Another issue which was raised on cross-appeal by the Hospital was whether Plank waived his right to assert a constitutional challenge. The Hospital argued that Plank’s arguments regarding the constitutionality were waived on appeal because his constitutional challenge was not properly preserved at trial at the appropriate time. The record shows that, upon the rendering of the jury verdict, the Hospital moved for reduction of the verdict to the statutory cap and Plank did not respond. Plank’s counsel argued that he was consulting with his client and did not hear the oral motion. However, the trial court requested Plank’s counsel to draft the order reducing the award to the statutory limits and he agreed to do so.

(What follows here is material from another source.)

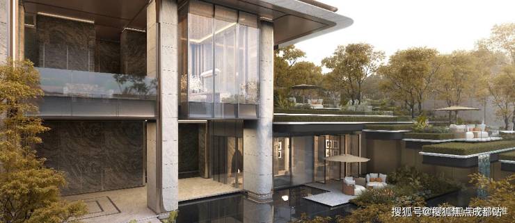 社区内打造多元主题景观,其中【浮岛水院】,以度假式下沉庭院为承载,融合叠瀑、水境、会所等臻奇景观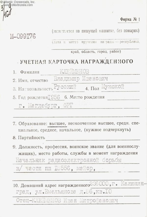By March 1992, Kelymenov had been transferred to the Military Unit #57655 stationed in Kaliningrad (former Koenigsberg). Nothing else could be found at this time about his military career prior to receiving the decoration, but more details may come to light with the gradual opening of Soviet-era archives.

Eight (8) days later, Plank raised the constitutionality issue. Plank contends the Hospital was not prejudiced by any such delay. The Hospital noted that the matter had been pending for over six (6) years and, if it had been placed on notice that Plank was going to consider challenging the constitutionality of the cap if the verdict exceeded the cap, its defense strategy would have been extremely altered as it would have presented additional experts addressing the bills, which arguably qualified the Plaintiff for the damages up to the cap.
This decision will impact all qualified healthcare providers in Indiana. If the Court does find the cap to be unconstitutional, those providers could be forced to take steps to protect their personal assets to meet verdicts which exceed their current professional liability insurance.
The Court is expected to issue a ruling in the next few months.